Cardiac Transplantation

We undertook heterotopic cardiac allografting using BALB/c mice as donors and WT or Mef2c-/- C57BL/6 mice as recipients. On the day of engraftment, recipients were treated i.v. with CD154 mAb (Bio X Cell, clone MR-1, #BE0017-1, 200 µg) plus 5×106 donor splenocytes (DST) (24). Allograft survival was monitored by palpation of ventricular contractions and subsequently confirmed by histological evaluation.

ChIP Assays

Each ChIP was performed using 3×106 Tregs. After 15’ of fixation with 1% formaldehyde and 30 cycles of sonication (30 sec ON and 30 sec OFF, Bioruptor, Diagenode), the resulting chromatin was immunoprecipitated using Abs against H3K27ac (2µg, Abcam #ab4729), Mef2d (5 µg, BD, # 610774), Mef2c (5 µg) (25), and Hdac9 (5 µg) (23). The immunoprecipitated DNA was purified and analyzed by qPCR (SYBR green, KAPA).

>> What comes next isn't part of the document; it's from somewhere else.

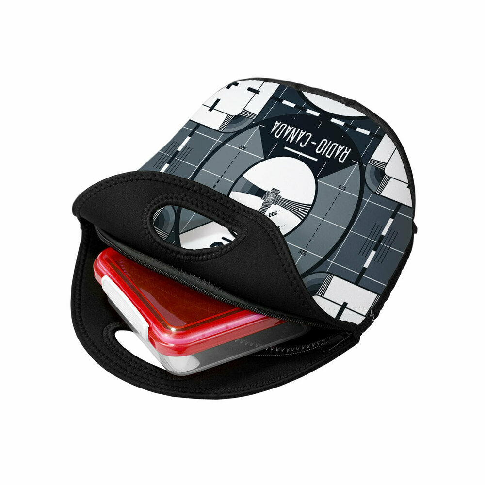 Carry around a piece of Canadian television history with this CBC TV Test Pattern Lunch Bag perfect for work, school, beach, concerts, camping, anywhere you may need a snack and some drinks. This neoprene lunch tote is 11.5" x 11.5" x 6", insulated to keep those tasty treats nice and fresh, and a strong zipper enclosure. Even better is it is stain resistant and machine washable because spills happen.
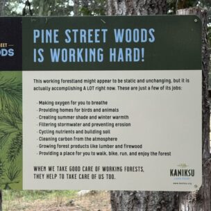 “You get the feeling you’re in a really nice parkland, but it’s free and feels more like Forest Service land,” Welker said. “But everywhere you look there’s interpretive signs telling you what tree species you’re looking at. There is educational signage around the property telling people about sustainable forestry practices. The whole property is an education center, not just the outdoor rec center, but the whole 180 acres.”

RNA-Seq and Real-Time qPCR

RNeasy kits (QIAGEN) were used to isolate mRNA. mRNA with a RIN>7 were used to prepare libraries and perform RNA-sequencing by Novogene (Sacramento, CA) on the Illumina Platform PE150. The edgeR package was used to identify the differentially expressed genes (p-value <0.05 and fold change >1.3). GSEA (26) was performed to interrogate datasets with defined genesets, as described (27). The expression levels of individual genes were verified by qPCR. For this purpose, RNA was reverse transcribed to cDNA (Applied Biosystems) and Taqman primers and probe sets were used to perform RT-qPCR. Data were normalized to endogenous 18s and relative expression was determined by the formula 2–ΔCT.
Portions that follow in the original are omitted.